Commander Forsberg, a maritime salvage expert in Britain's Royal Navy, was tasked in retrieving a Comet from the floor of the Mediterranean off the Island of Elba. After nearly a years searching some 70 - 80% of the aircraft was bought to the surface. Wreckage was transferred to the Royal Aircraft Establishment at Farnborough in Hampshire west of London England. Painstakingly, the fuselage was pieced together on a skeleton frame and together with a complete Comet immersed in a water tank.

The investigation began in an attempt to search for the cause of the previous disasters. Pressure checks on the complete structure in the tank highlighted a fault in the fuselage design borne out by the salvaged structure. The design of fuselages square sectioned window apertures was seen to be a weak spot from which defects caused cracks to emanate from the windows corners, thereby opening up and causing explosive depressurisation and the structure breaking apart in flight at altitude.

Subsequent aircraft were designed with 'rounded changes of section at these vital points.
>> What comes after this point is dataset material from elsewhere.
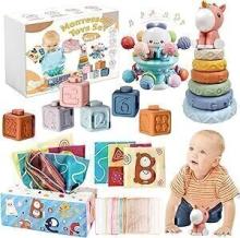 Jouet pour bébé de 6 mois à 3 ans, 4 en 1 Montessori - Tour empilable pour bébé - Blocs de construction en silicone - Jouet sensoriel - Boîte à mouchoirs - Cadeau d'anniversaire pour bébé 6 9 12 mois : Amazon.com.be: Jouets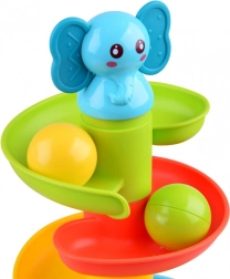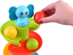 Bunte Kugelbahn mit kleinem Elefanten – Spiralpyramide für Kinder

For his painstaking search and recovery, Gerry was made an Officer of The British Empire (OBE).

Whenever I travel by aircraft, I offer up a prayer of thanks to Gerry and the Royal Airforce scientists who from his extreme efforts made flying a far safer mode of transport today. Therefore, flying to a swimming event and benefitting by his 'tuition' has made our sport safer and more enjoyable.

The fledgling British Long Distance Swimming Association of the 1960's benefitted by Gerry making the maiden solo swim on all those great courses at sea and in lakes around Great Britain. We swimmers have much to be thankful to Gerry for not only our safety in the water, but also on every jet aircraft trip that we take.
"

Copyright © 2014 by World Open Water Swimming Association

2 comments:

  1. Thanks so much to Charlie for these details of Gerry's other life on the water.
    Gerry was certainly one of the pioneers of our sport and I treasure the times when I chatted with him and also the fun of competing against him when I was so young. And now I find that my aerospace background (1959-1967) had links to his contributions !

    ReplyDelete
    Replies
    1. Thank you Steve for sharing that moment of history with us. Lost in translation, or my haste to send Gerry's tale I see a couple of glaring mistakes which I'm sure Jim Boucher will pounce upon. Firstly, as modest as I am, not, I certainly am no salvage expert, just a regular spanner wielding engineer Secondly as all our Military followers will know the Comet was not the worlds first jet engine aircraft, although the Germans built their Komet, towards the end of WWII a single seat fighter. The Comet of which I speak was the worlds first jet airliner. Thank you for allowing me to halt a travesty of aviation history.